Dataset section:
────────────────────────────────────────
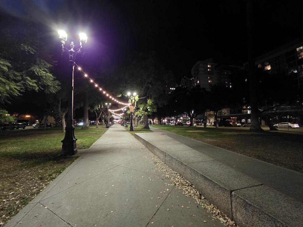 در شب، این تفاوتها کمتر میشود، اما گلکسی S24 اولترا هنوز هم نویز بیشتری را در تصاویر حفظ میکند و در عوض کمی جزئیات بیشتری به نمایش میگذارد.
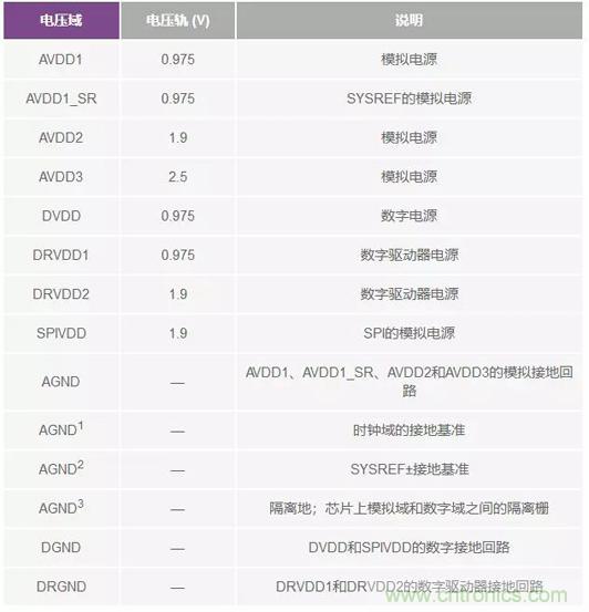 為了改善隔離,設計者必須考慮各種耦合機制。最明顯的機制是通過共享電源域。如果電源域盡可能遠離電路,那么共享同一電壓軌(AD9208為0.975 V)的數(shù)字電路和模擬電路發(fā)生震顫的可能性將非常小。在硅片中,電源已被分開,接地也是如此。封裝設計繼續(xù)貫徹了這種隔離電源域處理。由此所得的同一封裝內(nèi)不同電源域和地的劃分,如表2所示,其以AD9208為例。
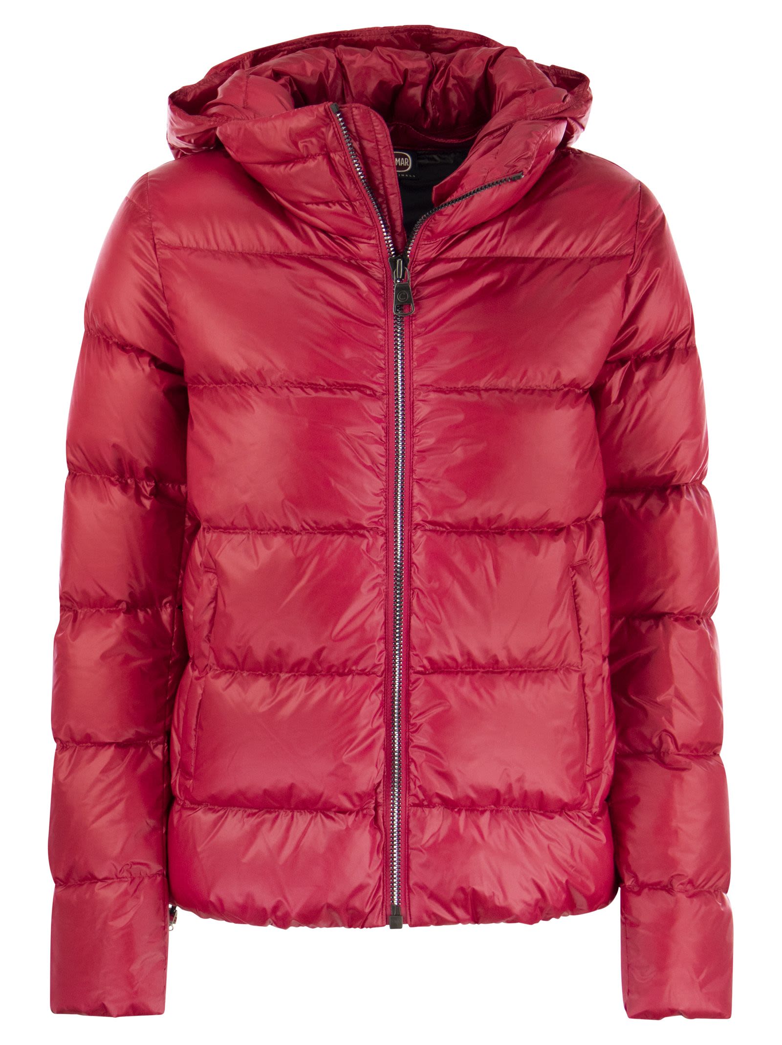 Women's jacket with detachable hood made of recycled fabric with iridescent effect and water-repellent treatment. Filled with natural down. Warmth and comfort are ensured by the large collar with thicker quilting and the wrap-around hood tied to the collar by a zip. A practical adjustment drawstring allows you to vary the width of the hem. Ready to face the cold winter days? - Regular fit - Winter weight - Zipped closure - Zipped side pockets - Detachable zipped hood - Adjustable drawstring at hem - Natural down filling - Water-repellent treatment - Recycled fabric - Colmar Originals logo applied on left sleeve DESIGNER ID: 2216 5WG 613
────────────────────────────────────────
Only the pictures stay out; everything else in the listing above must be repeated exactly.

Answer section:
 در شب، این تفاوتها کمتر میشود، اما گلکسی S24 اولترا هنوز هم نویز بیشتری را در تصاویر حفظ میکند و در عوض کمی جزئیات بیشتری به نمایش میگذارد.
 為了改善隔離,設計者必須考慮各種耦合機制。最明顯的機制是通過共享電源域。如果電源域盡可能遠離電路,那么共享同一電壓軌(AD9208為0.975 V)的數(shù)字電路和模擬電路發(fā)生震顫的可能性將非常小。在硅片中,電源已被分開,接地也是如此。封裝設計繼續(xù)貫徹了這種隔離電源域處理。由此所得的同一封裝內(nèi)不同電源域和地的劃分,如表2所示,其以AD9208為例。
 Women's jacket with detachable hood made of recycled fabric with iridescent effect and water-repellent treatment. Filled with natural down. Warmth and comfort are ensured by the large collar with thicker quilting and the wrap-around hood tied to the collar by a zip. A practical adjustment drawstring allows you to vary the width of the hem. Ready to face the cold winter days? - Regular fit - Winter weight - Zipped closure - Zipped side pockets - Detachable zipped hood - Adjustable drawstring at hem - Natural down filling - Water-repellent treatment - Recycled fabric - Colmar Originals logo applied on left sleeve DESIGNER ID: 2216 5WG 613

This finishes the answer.